Adaptive collaborative control is most accurately modeled as a closed loop feedback control system. Closed loop feedback control describes the event where the outputs of a system from an input are used to influence the present or future behavior of the system. The feedback control model is governed by a set of equations that are used to predict the future state of the simuland and regulate its behavior. These equations – in conjunction with principles of control theory – are used to evolve physical operations of the simuland to include, but not limited to: dialogue, path planning, motion, monitoring, and lifting objects over time. Many times, these equations are modeled as nonlinear partial differential equations over a continuous time domain.

Due to their complexity, powerful computers are necessary to implement these models. A consequence of using computers to simulate these models is that continuous systems cannot be fully calculated. Instead, numerical solutions, such as the Runge–Kutta methods, are utilized to approximate these continuous models.

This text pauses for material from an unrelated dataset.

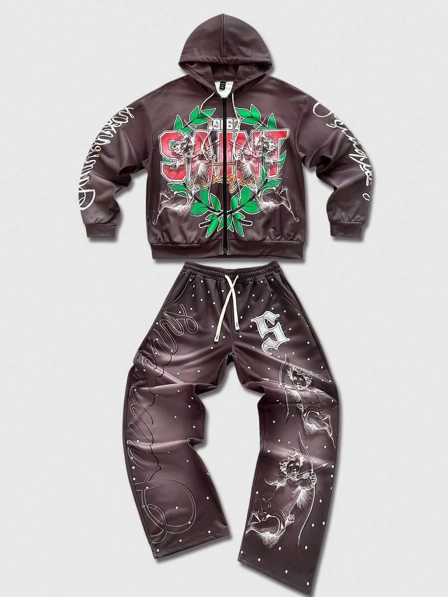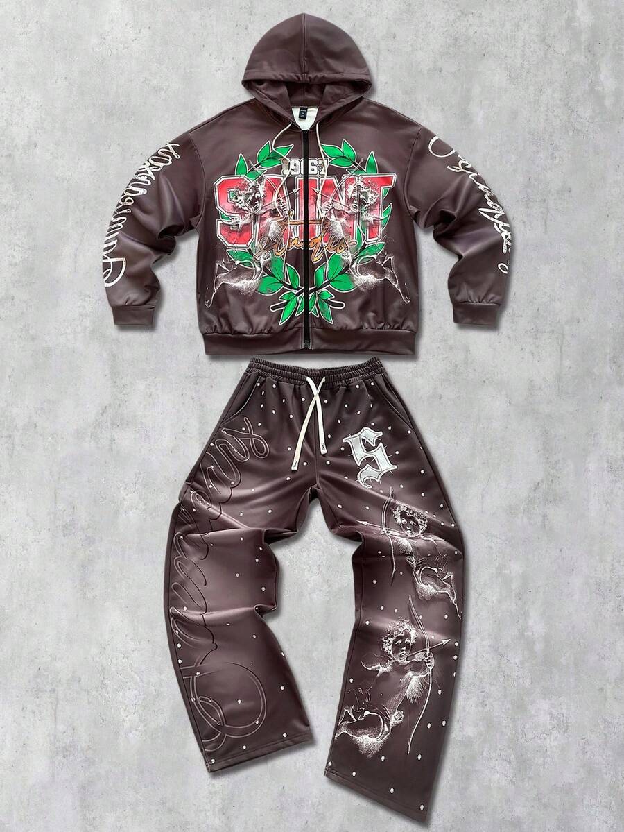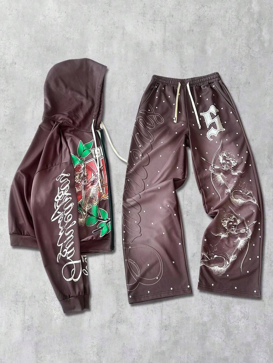 Street Life Men's Hooded Sweatsuit, Angel Child English Graphic Print Street Style Hoodie Set, Autumn/Winter

These equations are initialized from the response of one or more sources and rates of changes and outputs are calculated. These rates of changes predict the states of the simuland a short time in the future. The time increment for this prediction is called a time step. These new states are applied to the model to determine the new rates of changes and observational data. This behavior is continued until the desired number of iterations is completed. In the event a future state violates or comes within a tolerance of the violation the simuland will confer with its human counterpart seeking advice on how to proceed from that point. The outputs, or observational data, are used by the human operators to determine what they believe is the best course of action for the simuland. Their commands are fed with the input into the control system and assessed regarding its effectiveness in resolving the issues. If the human commands are determined to be valuable, the simuland will adjust its control input to what the human suggested. If the human's commands are determined to be unbeneficial, malicious, or non-existent, the model will seek its own correction approach.

== Domain and Codomain ==
The domain for the models used to conduct adaptive collaborative control is commands, queries, and responses from the human operator at the finite-state machine level. Commands from the human operator allow the agent to be provided with additional input in its decision-making process. This information is particularly beneficial when the human is a subject matter expert or the human is aware of how to reach an overarching goal when the agent is focused on only one aspect of the entire problem. Queries from the human are used to gather status information on either support functions of the agent or to determine progress on missions. Many times the robot's response serves as precursor information for issuance of a command as human assistance to the agent. Responses from the human operator are initiated by queries from the agent and feedback into the system to provide additional input to potentially regulate an action or set of actions from the agent. At the functional model level, the system has translated all accepted commands from the human into control inputs used to carry out tasks defined to the agent. Due to the autonomous nature of the simuland, input from the agent is being fed into the machine to operate sustaining functions and tasking that the human operator has ignored or answered to an insufficient manner.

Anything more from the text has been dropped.